Untargeted metabolomics analysis was performed by ultra-high performance liquid chromatography-Q-TOF MS. Volcanic map showed that there were 26 significantly upregulated metabolites in WAS group (The red dots in the figure are metabolites with FC > 2.0 and P value <0.05, that is, the difference metabolites screened by univariate statistical analysis) compared with control group (Figure 7A), 14 metabolites were significantly up-regulated in the feces of the SGD group compared with the control group (Figure 7B), and 44 significantly upregulated metabolites in SGD compared with the WAS group (Figure 7C).

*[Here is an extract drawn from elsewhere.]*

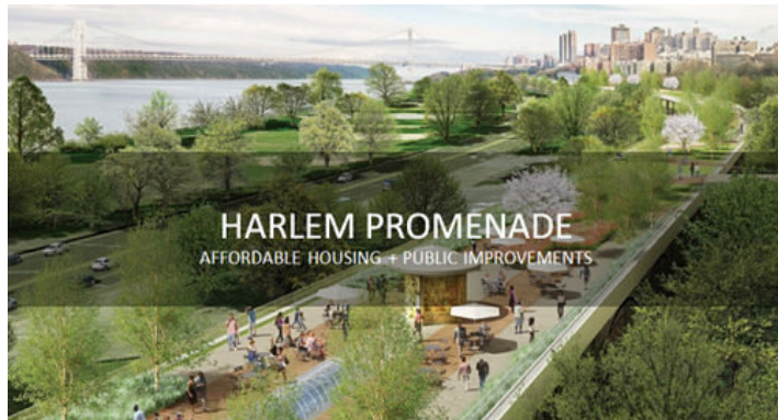
West Harlem Special Purpose District Broadway from 123 rd Street to 158 th Street

Is Harlem the next locale to seriously undergo talks of reinventing infrastructure for public use? DNAinfo reports that there's chatter of bringing a High Line-inspired elevated park to a portion of Amtrak line near the West Side Highway. The park, known as Harlem Promenade , would connect the community with the nearby Hudson River waterfront and could also bring a hefty amount of affordable housing to the neighborhood: air rights from over the track could net up to $170 million to help construct the park while also allowing developers operating inside the creation of a special district to build up to 2,000 units of affordable housing in the underserved neighborhood, DNAinfo reports . The special zoning district would stretch from 123rd to 158th streets on Broadway and would require developers to dedicate 50-percent of housing as affordable and allow them to build up to 16 stories. Currently, the neighborhood is zoned for building up to 12 stories.

In addition, we performed cluster analysis on all metabolites detected and constructed a heat map (Figure 8). The results showed that, compared with control group, N-acetyl-D-Galactosamine 4-sulfate, PG (18:0/22:6 (4Z,7Z,10Z,13Z,16Z,19Z), Brassylic acid, gibberellinA51-catabolite were significantly up-regulated in WAS group, while 5-amino-4-imidazolecarboxylate, (8R,9R,11Z)-1-carboxy-9-hydroxy-11-heptadecen-8-yl alpha- L-talopyranosiduronic acid, 2_2-iminodipropanoate, Piceatan-nol, 4-indolecarbaldehyde, ?-Cyano-3-hydroxycinnamic acid, 3″-hydroxy-geranylhydroquinone, GibberellinA8, Gentisic acid, Gallic acid, 1-methylProlinamide, Creatinine, 1-Linoleoyl-sn-glycero-3-phosphoethanolamine, Dezaguanine, 5-[(Z)-2-(3-hydroxy-4-methoxyphenylvinyl-1,3-benzenediol, Oleocanthal, Isorhapontigenin decreased significantly (Figure 8A). In addition, compared with control group, the 3-Hydroxysebacic acid, Letosteine, Dezaguanine, (2S,3S)-2,3-dihydro-3-hydroxyanthranilic acid zwitterion, trans-4-Hydroxy-L-proline, (8R,9R,11Z)-1-Carboxy-9-hydroxy-11-heptadecen-8-yl alpha-L-talopy- ranosiduronic acid, Creatinine, 1-linoleoyl-sn-glycero-3-phosphoethanolamine, Piceatannol, [FAhydroxy(22:0)]13-hydroxy-docosanoicacid in SGD group decreased significantly, while (5beta)-Chola-7,9(11)-dien-24-oic acid, Adrenic acid, Ethylenediaminetetraacetic acid, Karwinaphthol B, Brassylic acid, Gynocardin, 2-Hydroxyquinoline, (4S)-Cholest-5-ene-3beta_7alpha_24-triol, 5-Hydroxy-8-methoxy-2,2-dimethyl-7-(3-methyl-2-buten-1-yl)-2H,6H-pyrano[3,2-blxanthen-6-one, 3-tert-Butyladipic acid were significantly up-regulated (Figure 8B). Besides, compared with WAS group, the levels of 1H-lMidazole-4-carboxylic acid, D-Mannose 6-phosphate barium salt hydrate and Creatinine were significantly decreased, while Pentadecanedioic acid, Digitoxigenin, 3beta, 17beta-diacetoxy-5alpha-androstane, 2R_4S-2_4-Diaminopentanoate, [FAmethyl (14:O)]12-methyl-tetradecanoicacid, (9Z)-(13S)-12_13-Epoxyoctadeca-9_11-dienoicacid, 2-Hydroxyethanesulfonate, Sarmentosin, 3_4-Dihydroxy-L-phenylalanine (L-DOPA), Fluocinolone, Uric acid, Fluvastatin, Fortimicin FU-10, N-Acetyl-D-glucosamine and Neuraminicacid increased significantly in SGD group (Figure 8C).

Finally, Bioinformatics analysis showed that compared to control group, the metabolic pathways with significant differences in WAS group were as follows: endocrine resistance, tryptophan metabolism, prostate cancer and prolactin signaling pathway (Figure 9A and Table 1). In addition, compared to control group, the metabolic pathways that were significantly different in SGD group were as follows: purine metabolism, nicotinate and nicotinamide metabolism, biosynthesis of unsaturated fatty acids, and arginine and proline metabolism (Figure 9B and Table 1). What’s more, compared to WAS group, the metabolic pathways with significant differences in SGD group were as follows: taurine and hypotaurine metabolism, purine metabolism, sulfur metabolism, ABC transporters and bile secretion (Figure 9C and Table 1).